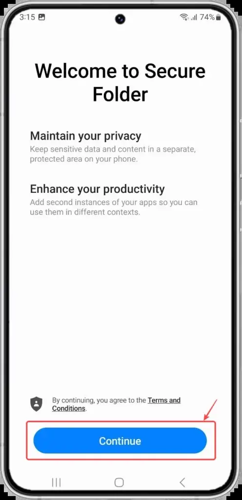 - Πατήστε Συνέχεια και συνδεθείτε στον λογαριασμό σας Samsung εάν δεν το έχετε κάνει.
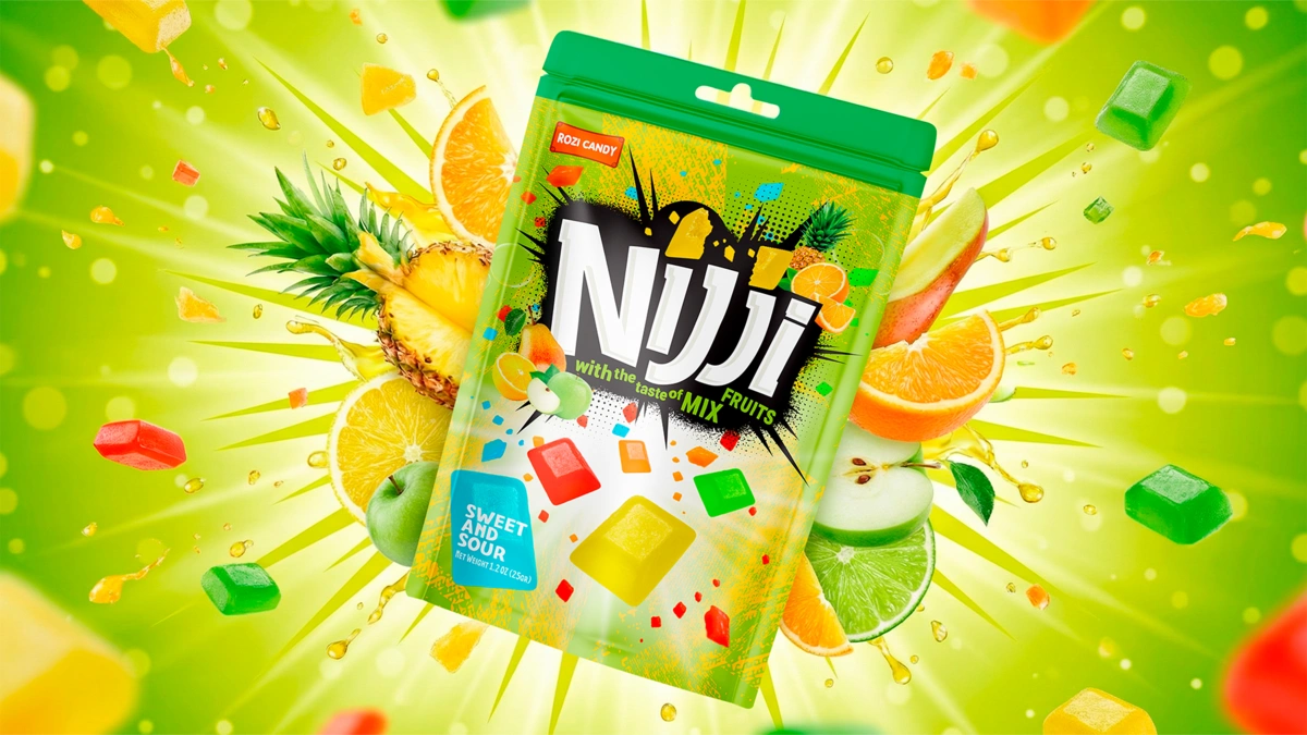 Опираясь на исследования, мы дали продукту новое имя — Nijji. В переводе с японского это означает «радуга». Имя идеально передает суть: конфеты дарят такую же яркую палитру вкусов и ароматов, как цвета радуги.
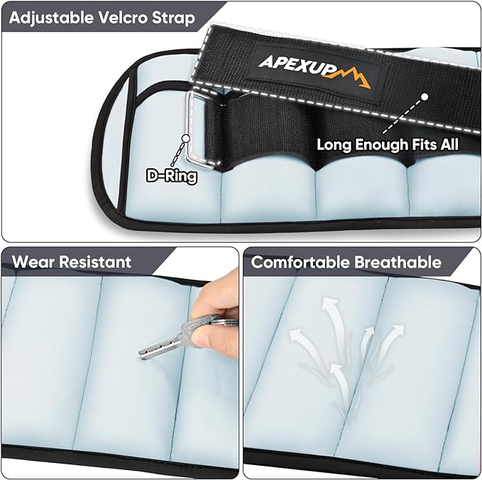 - [PREMIUM QUALITY] APEXUP adjustable ankle strength training weights are filled with iron sand to ensure a compact profile. The sleeve material of the ankle weights for men is soft and breathable, which will give you maximum comfort during workout.
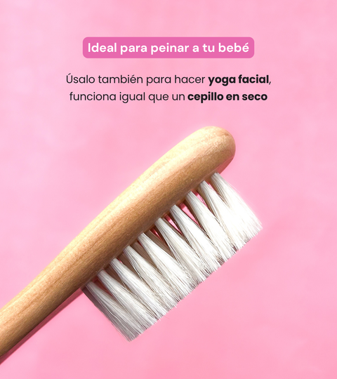 ✸ Para bebés: Es ideal para masajear delicadamente la piel de tu bebé. Puedes sumergir el cepillo en agua y usarlo también para peinar el cabello de tu bebé.
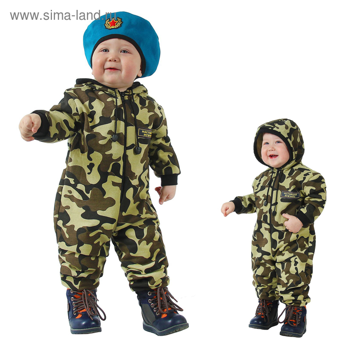 Карнавальный камуфляжный комбинезон с беретом для самых маленьких, трикотаж, рост 92 см
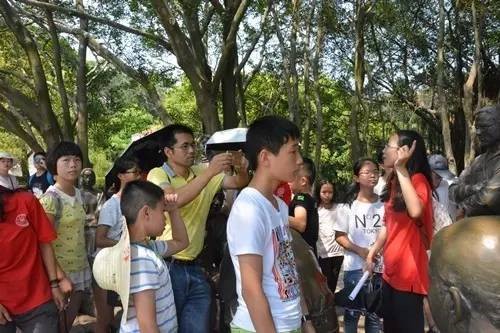 小朋友们在陈嘉庚先生铜像前合影留念
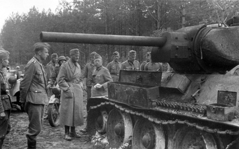 Командир 260-й пехотной дивизии генерал-лейтенант Ханс Шмидт (Hans Schmidt, третий слева) и командующий 43-м армейским корпусом (XXXXIII Armeekorps) генерал пехоты Готхард Хейнрици (Gotthard Heinrici, четвертый слева) осматривают сгоревший советский танк Т-34.
◇ ◇ ◇ ◇ ◇ ◇ ◇
**Description of the task**
Emit an exact copy of the lines from the line bearing "Карнавальный камуфляжный комбинезон" through the last line above, inclusive, and leave the images out.

**Output for this exercise**
 Карнавальный камуфляжный комбинезон с беретом для самых маленьких, трикотаж, рост 92 см
 小朋友们在陈嘉庚先生铜像前合影留念
 Командир 260-й пехотной дивизии генерал-лейтенант Ханс Шмидт (Hans Schmidt, третий слева) и командующий 43-м армейским корпусом (XXXXIII Armeekorps) генерал пехоты Готхард Хейнрици (Gotthard Heinrici, четвертый слева) осматривают сгоревший советский танк Т-34.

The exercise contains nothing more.